Голоса - Маканин Владимир Семенович. Страница 16

— В Троицкой мужики умелые. Изловят Серого — и на дереве кончат.

Севка похолодел, потом затрясся самой мелкой дрожью. Кончить на дереве — вид казни за святотатство, взятый у старообрядцев и встречавшийся крайне редко. Серый сразу же вспомнил, как в ту ночь, в суете ограбления поскользнулся он на иконе: икона валялась, он поскользнулся и в ярости дважды топнул сапогом. Старухи прошли мимо. Его била дрожь. Он и думать не думал, что до такой степени боится смерти. Весь день он гнал и гнал лошадь. Он попытался добыть ружье, но не вышло: не повезло самую малость. Один казак спал в седле, другой на траве. Их было двое посреди ровного поля — Серый крался, подползал к ним, травинка не шелохнулась. Тихо было. И без луны. Но казак не спал. Когда Серый потянулся к стволу, казак вдруг ударил его в лицо — резко и сильно. Серый побежал, постанывая, а казак смеялся. «Чего ты?» — спросил тот, что спал в седле. «А тут бродяжка подполз. За хлебом к сумке тянулся. Ох и засветил я ему!»

Они прислушались к топоту уезжавшего прочь Севки Серого.

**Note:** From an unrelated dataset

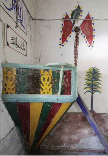
Görsel 21: Güney Duvarı Sancak Motifi

Güney duvarında vaiz kürsüsünün köşesinden bir sancak motifi yukarı doğru uzanmaktadır (Görsel 20-21). Kahverengi geometrik süslemeli direğin ucundaki sancağın bir daireden çıkan üç kolu bulunmaktadır. İki yandaki kırmızı sancaklardan güneydekinde Besmele, kuzeydekinde Kelime-i Tevhid, ortadaki yeşil sancakta “Fatiha Suresi’nin 2. Ayeti” yazılıdır. Sancakların etrafından sarı, mavi püsküller sarmaktadır. Sancakla pencere arasında vaiz kürsüsü hizasında bir kiraz ağacı motifine yer verilmiştir. Güney duvarında doğudaki pencere ile mihrap arasında, Kâbe tasvirli bir pano yerleştirilmiştir (Görsel 22). Çerçevesiz dikdörtgen panoda mavi revaklı sarı zeminli geniş avlunun ortasında siyah örtülü Kâbe iki yanında da birer minber yer almaktadır. Avluda revaklardan Kâbe’ye dört yönde yollar uzanmaktadır. Avluda çok silik şekilde Türkçe olarak “Mekkenen Kâbe-i Şerif” yazısı okunabilmektedir. Avlunun etrafında minareler, kapı ve pencereler görülebilmektedir. Avlunun dışındaki zemin siyah renge boyanmıştır. Kâbe tasvirinin üst kısmında “Allah” lafzıyla oluşturulmuş bir ibrik motifi yer almaktadır. Sancak ve ibrik motifi ile alt ve üstten iki pencere arasında denk gelecek şekilde yerleştirilmiş sarı zeminli dikdörtgen bir pano içerisine “Levlake levlak lema halaktul eflak” hadisi yazılmıştır.

— На коне… Значит, не бродяжка. Пастух.

— Пастухи сейчас голодные.

И опять Серый гнал лошадь всю ночь, он забирался подальше в горы: он замыслил отсидеться в маленькой и жалкой шайке атамана Петуха, в которой он нет-нет и объявлялся. Навстречу Серому кинулась одна из бабенок — Нюрка, совсем молоденькая. «Женишок мой явился — гляньте!» — Нюрка всплеснула руками и полезла целоваться. Она была навеселе. Она называла женишком каждого. Вся шайка была навеселе, про икону они не знали. Севка Серый сразу же стал подбивать их идти к киргизам — в степи. «Поехали на всю осень — погуляем!» — то одному, то другому Серый говорил, что доподлинно знает о степных дорогах, на которых можно разжиться. И ковры добыть можно, и золотишко, наше же, уральское, вывозное, и лошадей каких!.. Однако атаман был в этот раз необычный — и мягкий, и ласковый. Атаман сидел в шалаше, он усадил Севку рядом и спросил, не видел ли Серый свою мать.

— Не видел. Через болота ехал, — Серому не нравился разговор.

— Лицом ты плох.

— Я не девица.

— А все же отдохни. Не помылся. Не поспал, — очень был ласковый у атамана голос.

Серый помылся. Поспал. Лег он тут же у шалаша, взял чей-то полушубок и завернулся.

В ночь атаман отправил Серого и совсем молоденького Ваню Зубкова к пастухам — чтобы прихватили овцу-две. Серый не почуял подвоха: подумал, что атаман приучает к послушанию и дает урок. А когда вернулись, ни ребят, ни атамана не было. С добром, с лошадьми шайка снялась с места тогда же, в ночь. Зола в костре была совсем холодная. Серый и Ваня Зубков перекурили, оглядывая пустое, брошенное место. «Запросто так не бросают, — хмыкнул Ваня Зубков. — Чего-то ты ему сделал».

— Ничего не сделал.

— Наступил ты ему когда-то на ногу, Серый.

Серый скривил рот:

— Может, ты наступил — вспомни.

Под сосной они увидели еще человека, которого бросили.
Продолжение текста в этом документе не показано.